*** Opening Exercise data ***

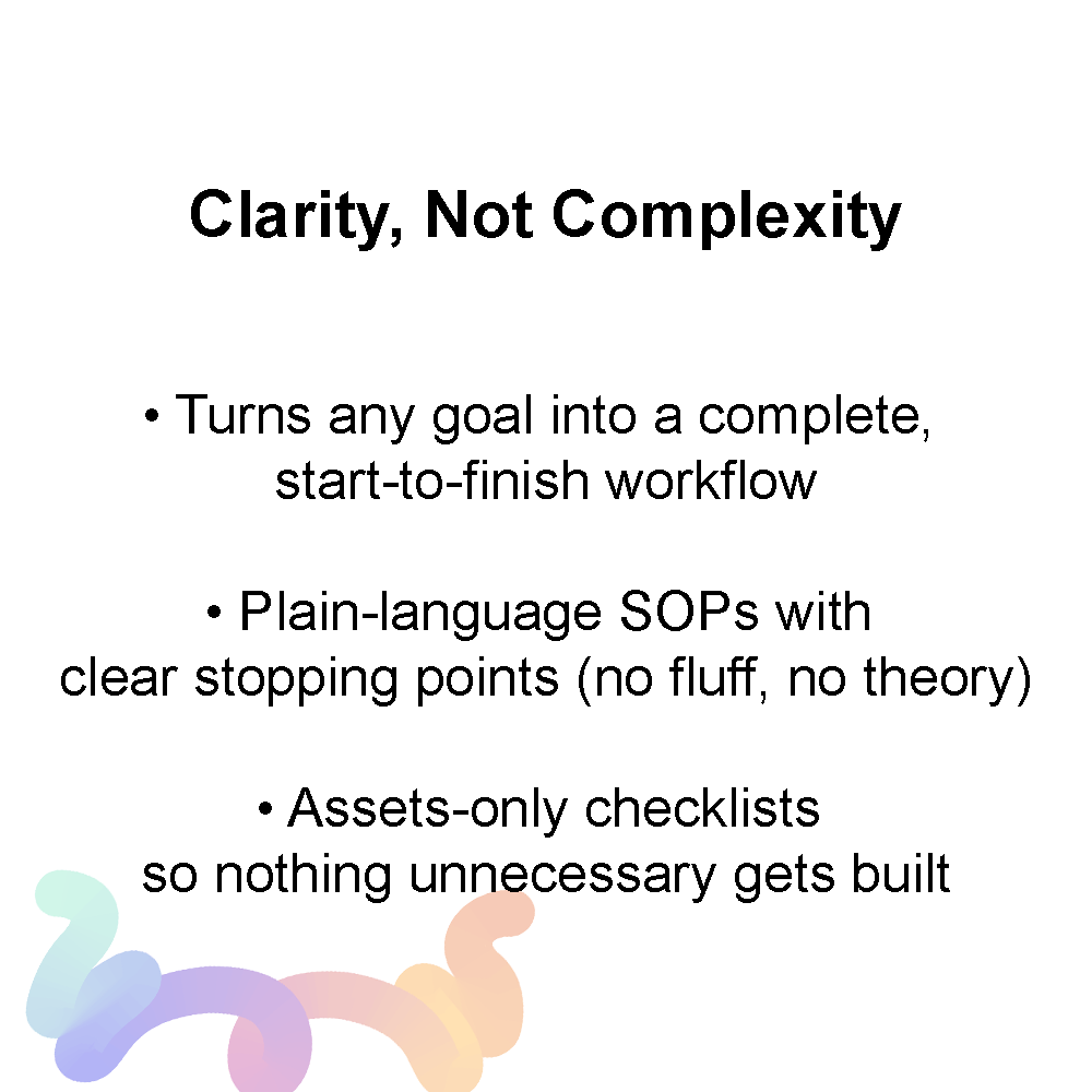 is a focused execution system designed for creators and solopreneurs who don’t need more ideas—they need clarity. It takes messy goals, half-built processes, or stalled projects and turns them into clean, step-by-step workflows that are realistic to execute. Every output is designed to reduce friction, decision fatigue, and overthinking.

*** Closing Exercise data ***
*** Opening Exercise data ***

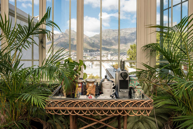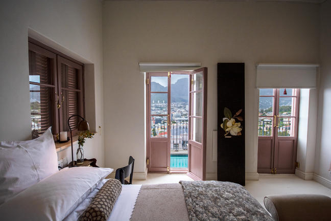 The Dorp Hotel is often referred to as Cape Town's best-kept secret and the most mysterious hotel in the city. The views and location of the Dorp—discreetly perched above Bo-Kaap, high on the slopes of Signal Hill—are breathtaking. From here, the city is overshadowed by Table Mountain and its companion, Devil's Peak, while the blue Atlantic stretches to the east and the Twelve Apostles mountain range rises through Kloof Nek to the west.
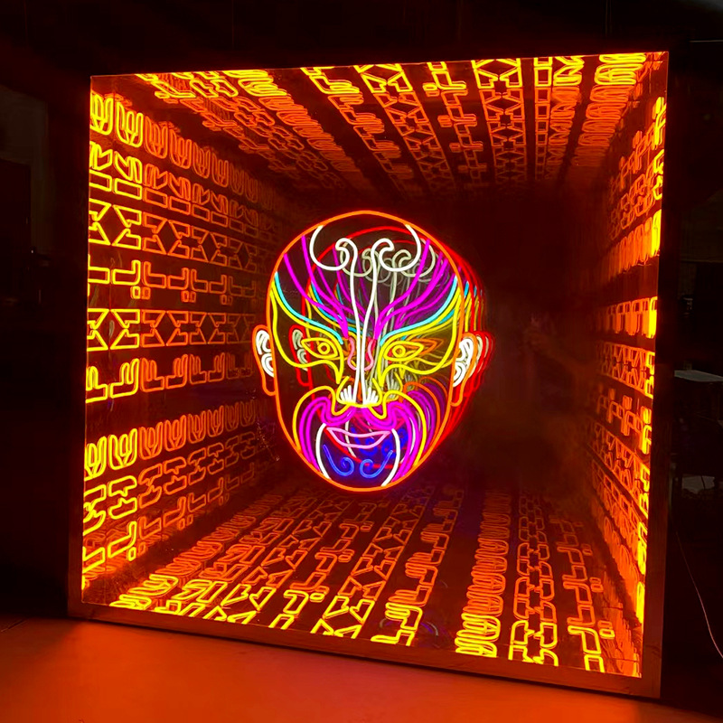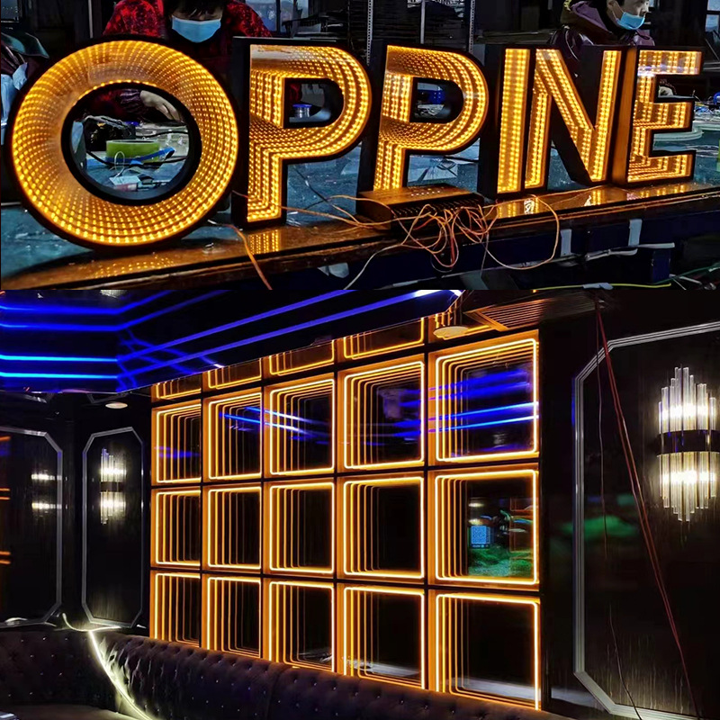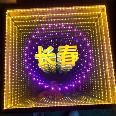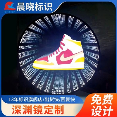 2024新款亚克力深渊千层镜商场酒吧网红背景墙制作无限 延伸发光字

*** Closing Exercise data ***

* **Exercise goal**: Would you copy out, exactly and with no pictures, only the lines above from the one that contains "The Dorp Hotel" through the one that contains "2024新款亚克力深渊千层镜商场酒吧网红背景墙制作无限 延伸发光字"?

* **Your solution**:
 The Dorp Hotel is often referred to as Cape Town's best-kept secret and the most mysterious hotel in the city. The views and location of the Dorp—discreetly perched above Bo-Kaap, high on the slopes of Signal Hill—are breathtaking. From here, the city is overshadowed by Table Mountain and its companion, Devil's Peak, while the blue Atlantic stretches to the east and the Twelve Apostles mountain range rises through Kloof Nek to the west.
 2024新款亚克力深渊千层镜商场酒吧网红背景墙制作无限 延伸发光字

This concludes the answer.